My question is: If $R$ has minimal multiplicity (i.e. $\mathfrak m^2=x\mathfrak m$ for some $x\in\mathfrak m$ i.e. $e(R)=\mu(\mathfrak m)$ ) and the type of $R$ equals $\mu(\mathfrak m)-1$, then is it true that $R$ must be Gorenstein?
No, it is not true. It is possible to construct several examples using numerical semigroups. A numerical semigroup $S$ is simply a submonoid of $\mathbb{N}$ such that $\mathbb{N}\setminus S$ is finite. It is easy to see that every numerical semigroup has a unique minimal system of generators, which is finite. In this case I write $S=\langle s_1, \dots, s_\mu\rangle=\{\lambda_1 s_1 + \dots +\lambda_\mu s_\mu \mid \lambda_1, \dots, \lambda_\mu \in \mathbb N\}$.

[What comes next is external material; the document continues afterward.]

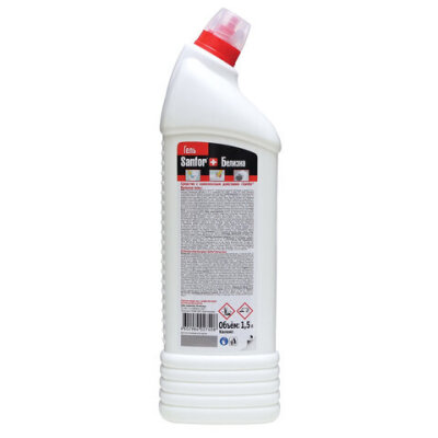 Средство для отбеливания и чистки тканей SANFOR "Белизна" 3 в 1 для отбеливания и удаления пятен при стирке, а также для дезинфекции и чистки сантехники и труб.

Consider the ring $k[[S]]=k[[t^{s_1}, \dots, t^{s_\mu}]] \subseteq k[[t]]$, where $k$ is a field and $t$ is an indeterminate. This is a complete local Cohen-Macaulay ring of dimension one (it is indeed a domain). It is well known that in these rings the multiplicity equals the smallest non-zero element of $S$, while the embedding dimension is equal to the number of minimal generators, which is $\mu$ for us. Moreover, if $k[[S]]$ has minimal multiplicity, then the type is always $\mu-1$. Hence, every $S$ with at least three minimal generators and such that $k[[S]]$ has minimal multiplicity is a counterxample to your question.
For instance, for every $n \geq 3$ the ring $k[[t^n, t^{n+1}, \dots, t^{2n-1}]]$ has multiplicity and embedding dimension equal to $n$, whereas its type is $n-1 > 1$, and then it is not Gorenstein.